Remix.run Logo
Lerc 2 hours ago

It should be trained to answer when it knows the answer, and to state that it does not know the answer when it does not. They might already have a very good understanding of not knowing internally, but are just not trained to express that.

This is not a problem in the ability of the system, it is a problem of how to construct training for such a task.

To provide training examples where it answers it does not know the answer only when it does not know the answer. You need training examples where it says it doesn't know when it does not contain that knowledge, but it provides an answer when it does know the answer.

To create such an example, you need to know in advance what the model knows and what the model does not know. You can't just have a database of facts that it knows, because you also need to count things that it can readily infer.

Any model that can reliably give the sum of any two 10 digit integers should be able to answer so. You can't list every possible number that a model knows how to add. That is just the tiniest subset of the task you would have to do because you have to determine every inferrable fact, not just integers. Adding to the problem is that training on questions like this can add to the knowledge base to the model either from the question itself or by inductively figuring out the answer based upon the combination of the question and the fact that it was not expected to know the answer.

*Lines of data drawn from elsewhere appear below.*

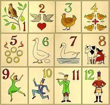 The Twelve Days of Christmas (Les Douze Jours de Noël) est un chant de Noël très connu dans les pays anglophones. Il s’agit d’une comptine à récapitulation où sont énumérés douze cadeaux qu’une personne dit avoir reçus de son amoureux/se durant les douze jours consécutifs du temps de Noël. Après l’annonce d’un nouveau cadeau, la liste des précédents est répétée à l’envers. Les cadeaux sont, dans l’ordre : une perdrix dans un poirier, deux colombes, trois poules françaises, quatre merles noirs, cinq anneaux d’or, six oies pondant, sept cygnes nageant, huit filles de ferme trayant, neuf dames dansant, dix messieurs sautant, onze joueurs de fifre jouant, douze tambours battant. Les cartes de Noël avec une perdrix dans un poirier sont une illustration du premier cadeau : « A partridge in a pear tree ».
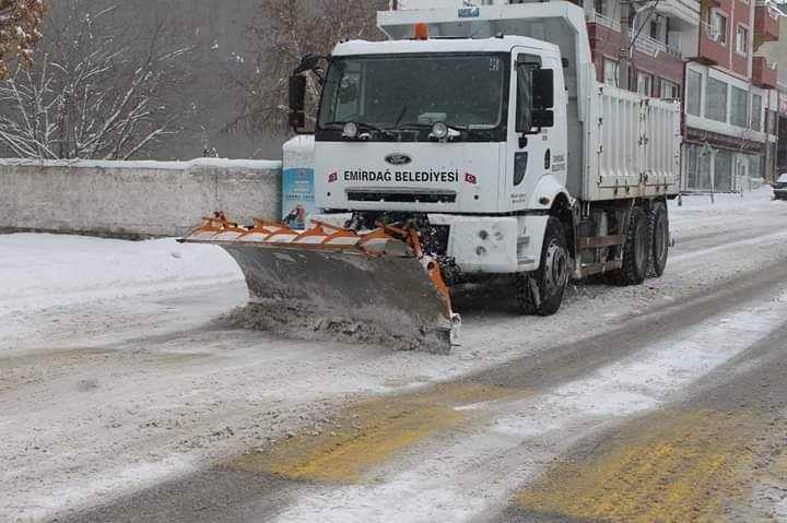 Emirdağ'daki kar yağışı ile çalışmalarına başlayan ekipler, tuzlama ve yol açma çalışmaları gerçekleştiriyor. Karın yağışı ile birlikte karla mücadele çalışmalarında kullanılan araç filosu ile ekipler, ilk olarak ana yollar, otobüs güzergâhları daha sonra sokak aralarında çalışmalar yapıyor. Kepçe ve greyderlerle karlar temizlenirken bir yandan da tuzlama çalışması yapılıyor.
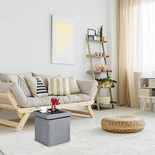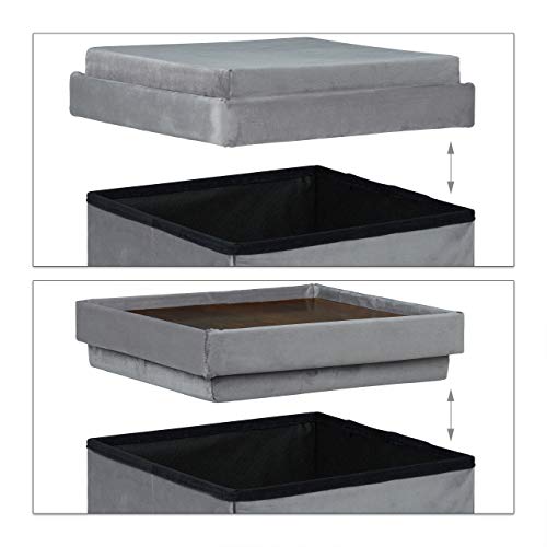 Relaxdays Sgabello in Velluto, Pouf Contenitore, Vassoio nel Coperto, Poggiapiedi Pieghevole, HLP 42 x 38 x 38 cm,grigio
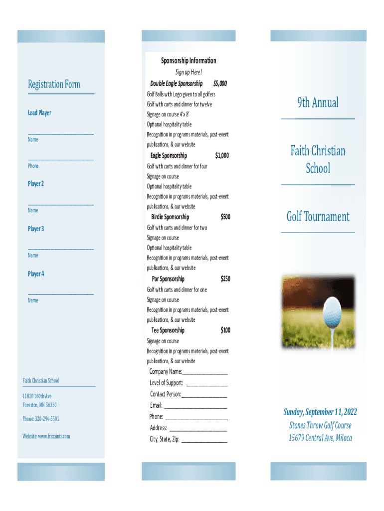 Sponsorship InformationRegistration Form Lead Player ___ Name___ PhonePlayer 2 ___ Nameplate 3 ___ Nameplate 4 ___ Design up Here! Double Eagle Sponsorship$5,000Golf Balls with Logo given to all golfers
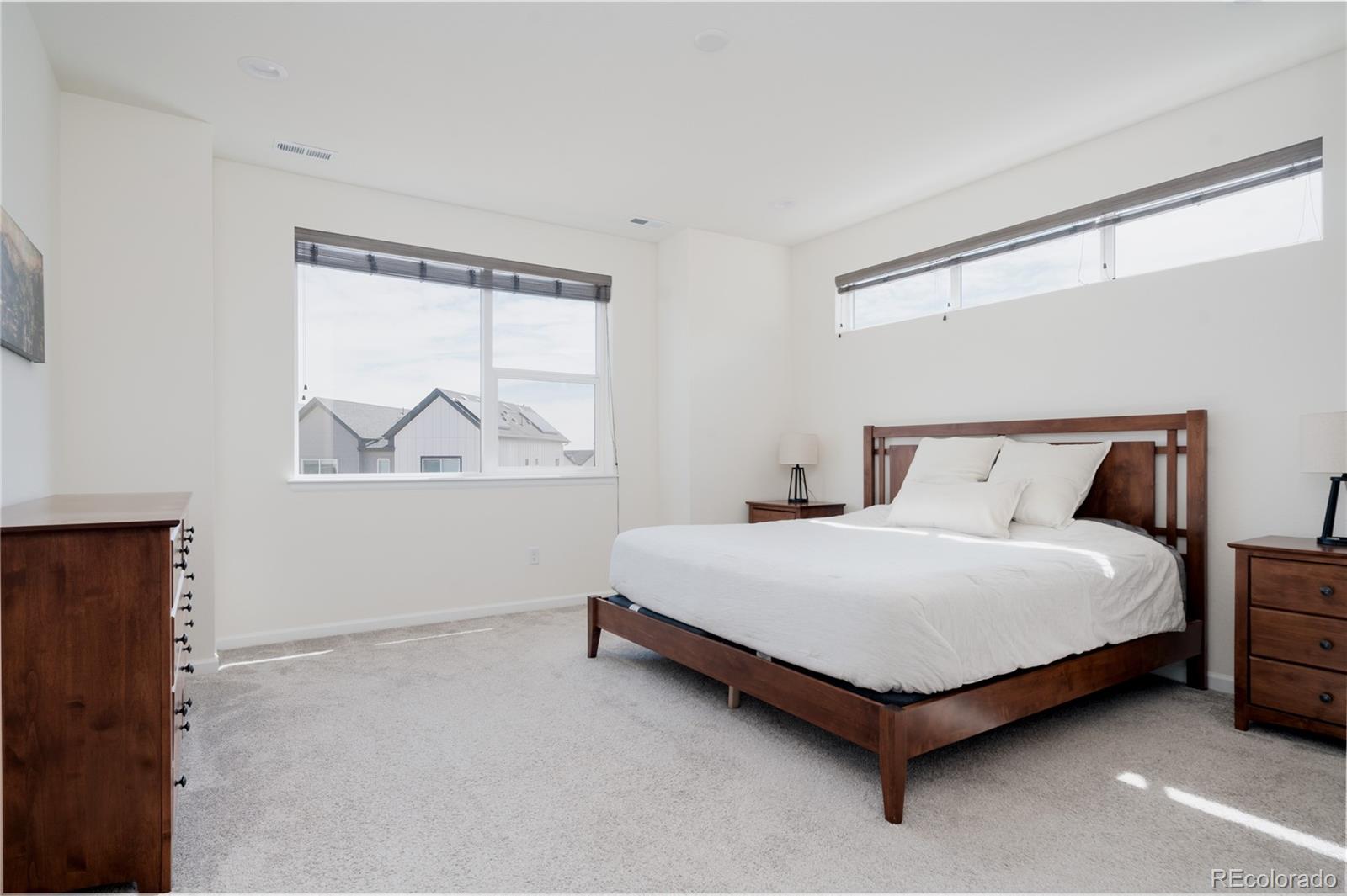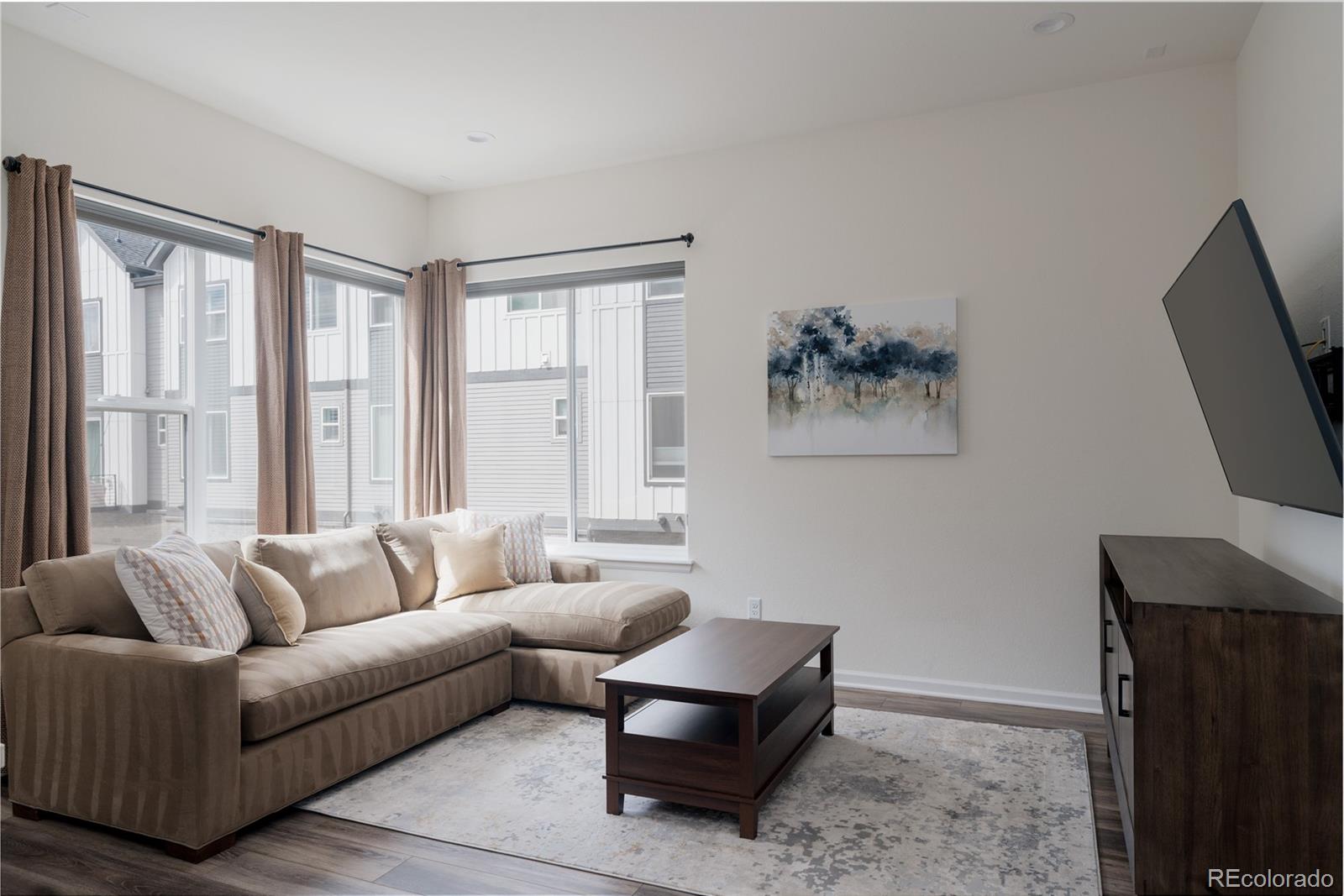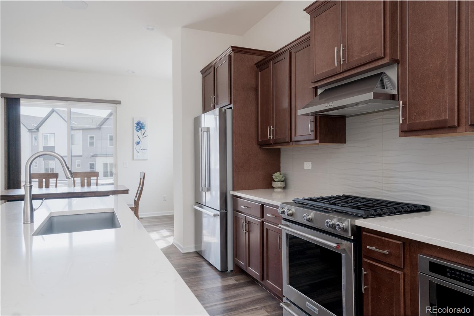 Experience the perfect blend of modern luxury and ultimate convenience in this rare and exceptional 4-bedroom end-unit townhome. Nestled in a serene, private east-facing spot, this home overlooks a peaceful grassy courtyard, offering a sense of tranquility and an abundance of natural light. Step inside to find an elevated main floor designed for both style and function. The open-concept layout features a comfortable living room, spacious dining area and a gourmet kitchen, complete with an oversized island, stainless steel appliances and plenty of room to gather or entertain. A large balcony extends your living space outdoors--ideal for morning coffee, evening sunsets, or hosting friends. Upstairs, retreat to the large primary suite, a light-filled sanctuary with a generous walk-in closet and an en-suite bathroom with a large shower and dual vanity. Two additional bedrooms, a full bathroom, and a well-placed laundry area round out the upper level, adding practicality to the thoughtful design. The lower level offers versatility to suit your lifestyle. A fourth bedroom with a walk-in closet and full bathroom make it perfect as a guest suite, home office, or workout space. Additional highlights include an oversized 2-car garage with a hot/cold hose bib for added convenience. An additional ground floor patio provides even more outdoor space to enjoy! Located in a highly sought-after area, this home is just moments from walking trails, vibrant shopping centers and restaurants. A quick walk to the light rail makes commuting and exploring a breeze with just two stops to Olde Town Arvada and seven to Union Station. Less than a 10 minute drive to downtown Golden and easy access to the mountains. Don't miss this opportunity to enjoy the benefits of low-maintenance living in a prime location!
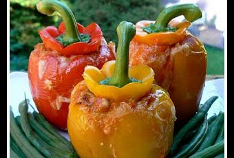Prendre les poivrons et les blanchir dans de l’eau additionnée de sel, durant 5 minutes. Entre temps, dans une grande poêlonne, cuire la viande, la saucisses italienne avec les oignons, l'ail et épices. Ajoutez la crème de tomate et le riz, bien brasser. Retirer du feu. Vider les poivrons en coupant seulement le cap. Farcir les poivrons de la préparation de viande et mettre dans un plat allant au four. Couvrir avec un papier et cuire 40 minutes. Retirer le papier et mettre du fromage râper et faire gratiner 5 minutes.

A completely different training system would have to be implemented. There is research on categorising patterns of activations that can determine a form of 'mental state' of a model. A dynamic training approach where the answer that the model is expected-to-give/rewarded-for-giving is partially dependent on the models own state could be achieved through this mechanism.

bluefirebrand 41 minutes ago | parent [-]

> It should be trained to answer when it knows the answer, and to state that it does not know the answer when it does not

Do LLMs even have any kind of internal model of what they know or don't know? My understanding is that they don't.